- [EXERCISE DIRECTIONS]: Every line below from the one with "БОНУС ПО ПОНЕДЕЛЬНИКАМ" through the one with "Upcyclingowa nerka z" should be retyped exactly, both ends included; no other lines and no pictures.
[MATERIAL FOR THIS TASK Boundary: Start]
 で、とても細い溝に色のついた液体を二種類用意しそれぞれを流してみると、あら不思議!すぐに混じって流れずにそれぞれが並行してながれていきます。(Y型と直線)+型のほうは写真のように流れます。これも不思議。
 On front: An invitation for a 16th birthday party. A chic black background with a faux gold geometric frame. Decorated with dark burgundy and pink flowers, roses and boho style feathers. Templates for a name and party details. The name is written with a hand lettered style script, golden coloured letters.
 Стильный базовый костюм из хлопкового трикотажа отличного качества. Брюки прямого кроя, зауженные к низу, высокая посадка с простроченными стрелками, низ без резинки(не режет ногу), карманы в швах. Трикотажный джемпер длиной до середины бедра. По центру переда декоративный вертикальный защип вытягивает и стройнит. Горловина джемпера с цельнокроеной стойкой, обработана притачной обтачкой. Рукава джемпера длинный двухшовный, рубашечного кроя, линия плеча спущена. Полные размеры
[MATERIAL FOR THIS TASK Boundary: End]
[MATERIAL FOR THIS TASK Boundary: Start]
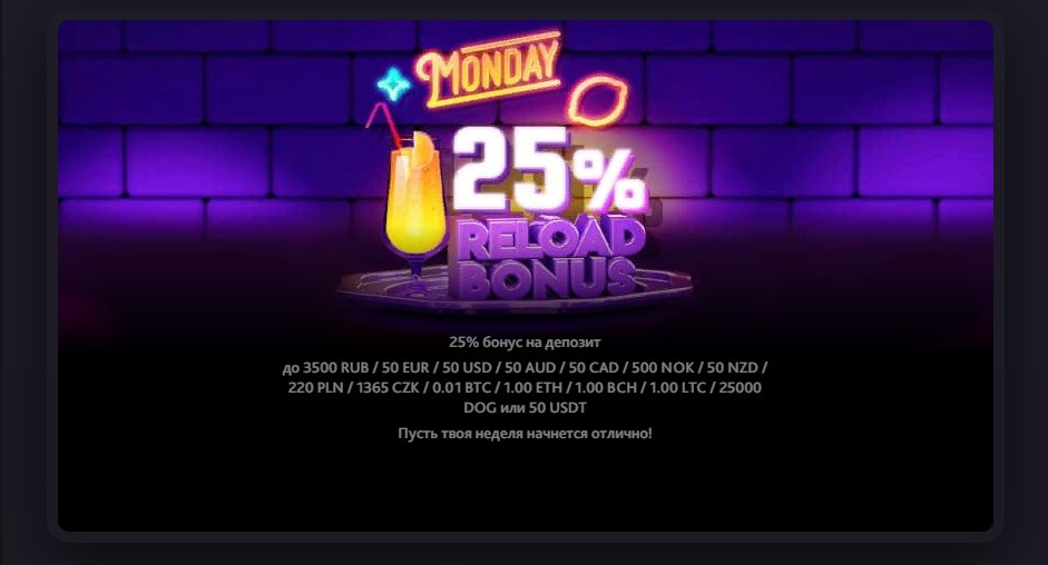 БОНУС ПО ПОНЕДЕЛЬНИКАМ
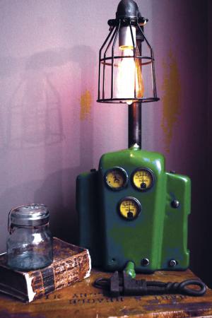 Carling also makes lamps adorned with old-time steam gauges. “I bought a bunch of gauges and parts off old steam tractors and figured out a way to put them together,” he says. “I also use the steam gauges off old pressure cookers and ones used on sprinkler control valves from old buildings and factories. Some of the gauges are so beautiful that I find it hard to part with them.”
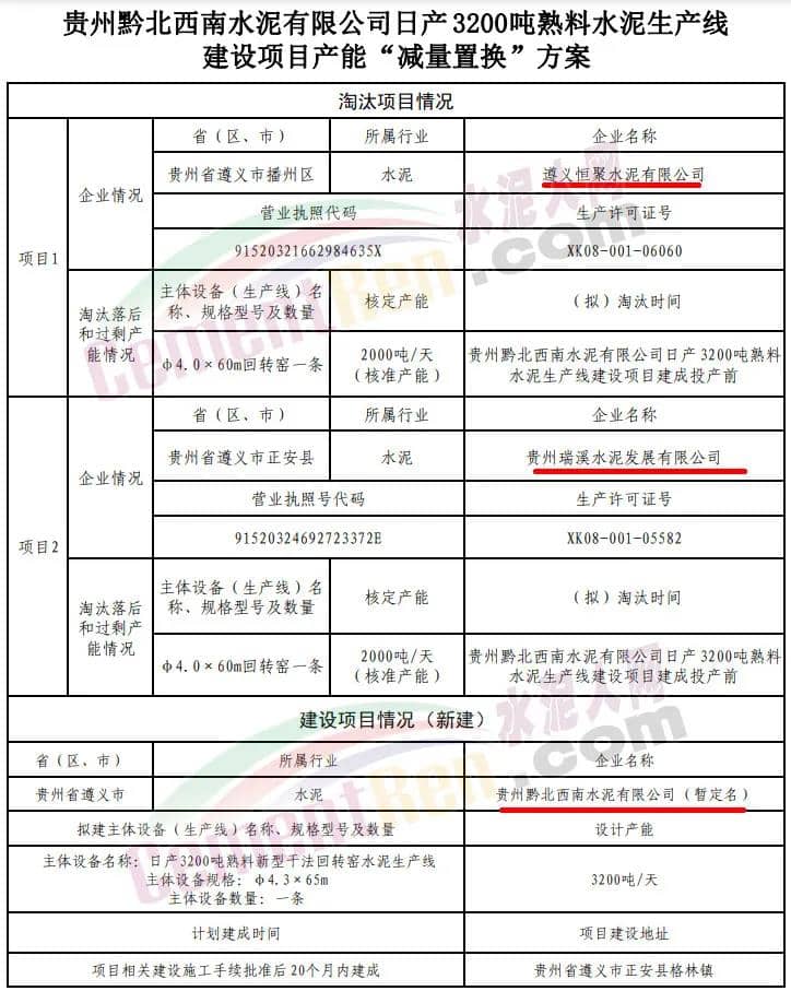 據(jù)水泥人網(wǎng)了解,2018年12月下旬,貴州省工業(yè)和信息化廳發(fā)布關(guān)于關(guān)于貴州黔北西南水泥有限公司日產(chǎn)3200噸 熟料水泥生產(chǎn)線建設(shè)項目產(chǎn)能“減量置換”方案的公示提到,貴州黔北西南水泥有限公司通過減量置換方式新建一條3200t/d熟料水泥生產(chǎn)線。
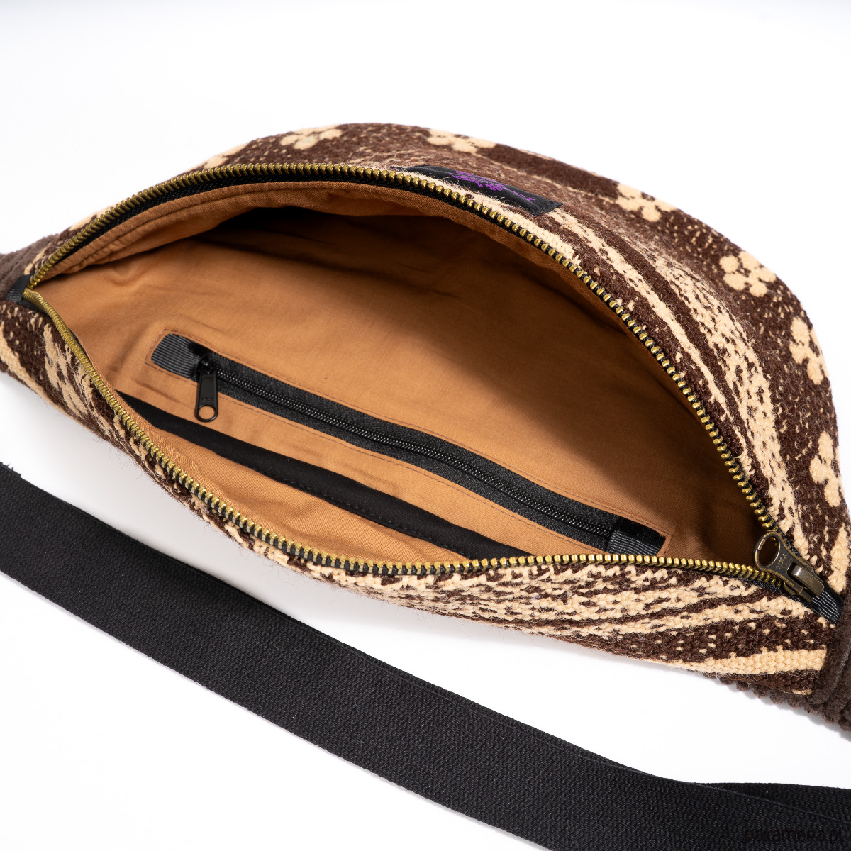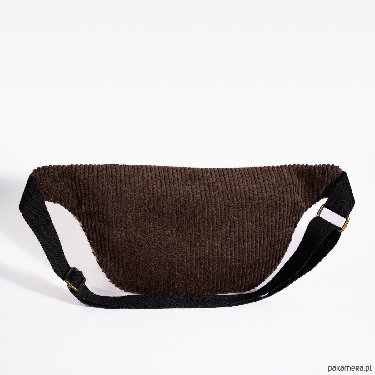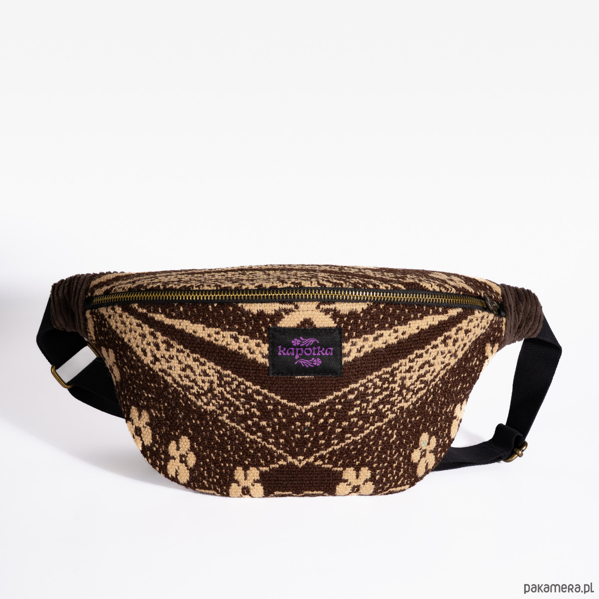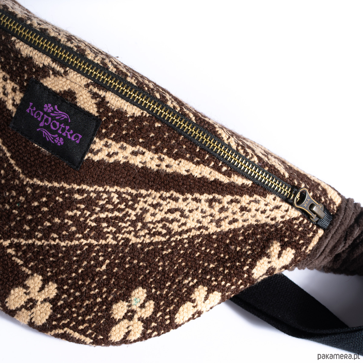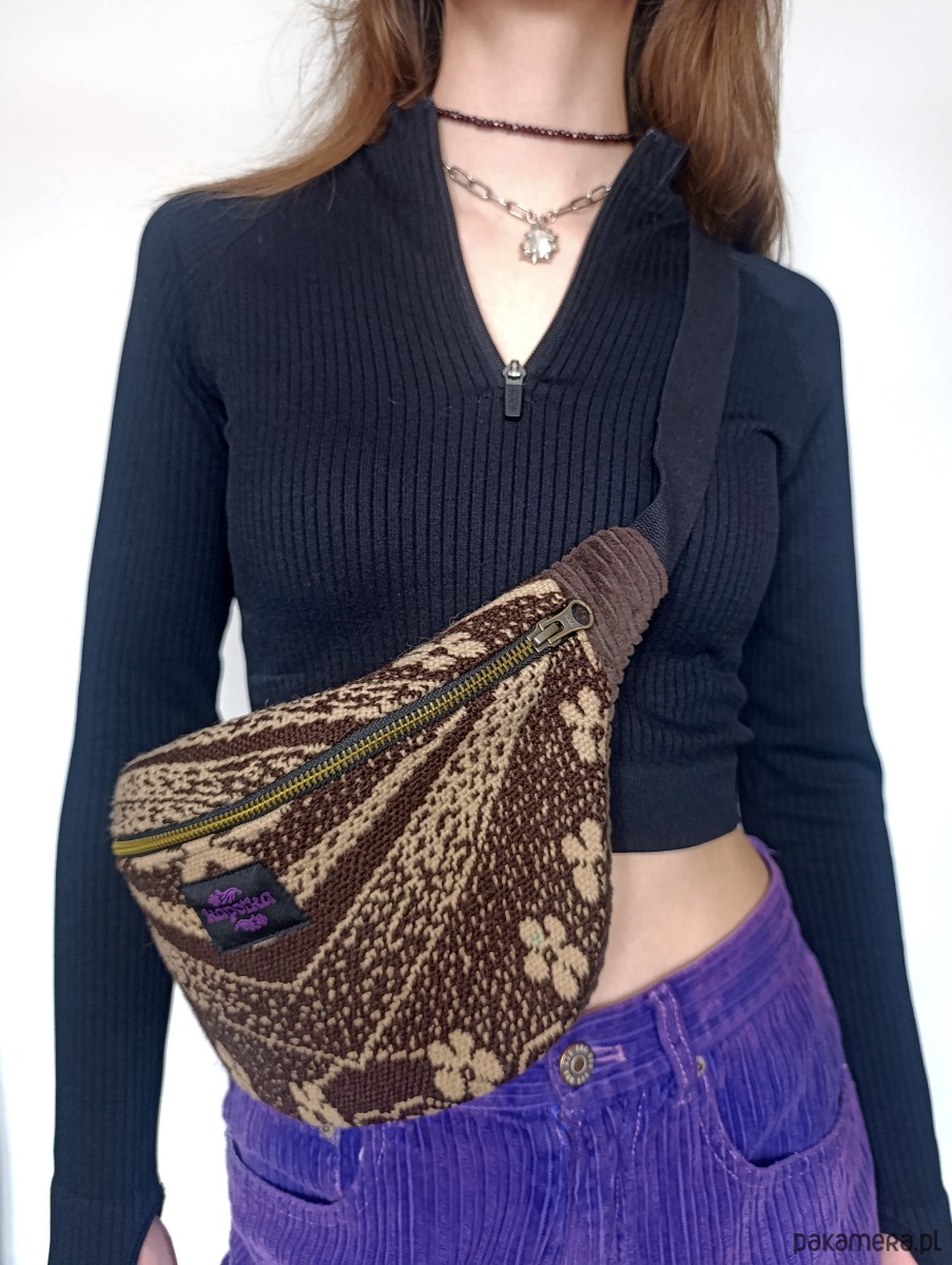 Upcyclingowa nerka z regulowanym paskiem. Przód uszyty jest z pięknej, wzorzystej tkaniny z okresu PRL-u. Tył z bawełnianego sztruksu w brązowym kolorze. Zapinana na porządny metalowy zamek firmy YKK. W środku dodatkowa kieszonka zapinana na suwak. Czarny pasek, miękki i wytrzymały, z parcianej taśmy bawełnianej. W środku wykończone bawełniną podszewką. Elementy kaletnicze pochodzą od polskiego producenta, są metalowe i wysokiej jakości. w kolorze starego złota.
[MATERIAL FOR THIS TASK Boundary: End]
- [SOLUTION TO THIS PROBLEM]:
 БОНУС ПО ПОНЕДЕЛЬНИКАМ
 Carling also makes lamps adorned with old-time steam gauges. “I bought a bunch of gauges and parts off old steam tractors and figured out a way to put them together,” he says. “I also use the steam gauges off old pressure cookers and ones used on sprinkler control valves from old buildings and factories. Some of the gauges are so beautiful that I find it hard to part with them.”
 據(jù)水泥人網(wǎng)了解,2018年12月下旬,貴州省工業(yè)和信息化廳發(fā)布關(guān)于關(guān)于貴州黔北西南水泥有限公司日產(chǎn)3200噸 熟料水泥生產(chǎn)線建設(shè)項目產(chǎn)能“減量置換”方案的公示提到,貴州黔北西南水泥有限公司通過減量置換方式新建一條3200t/d熟料水泥生產(chǎn)線。
 Upcyclingowa nerka z regulowanym paskiem. Przód uszyty jest z pięknej, wzorzystej tkaniny z okresu PRL-u. Tył z bawełnianego sztruksu w brązowym kolorze. Zapinana na porządny metalowy zamek firmy YKK. W środku dodatkowa kieszonka zapinana na suwak. Czarny pasek, miękki i wytrzymały, z parcianej taśmy bawełnianej. W środku wykończone bawełniną podszewką. Elementy kaletnicze pochodzą od polskiego producenta, są metalowe i wysokiej jakości. w kolorze starego złota.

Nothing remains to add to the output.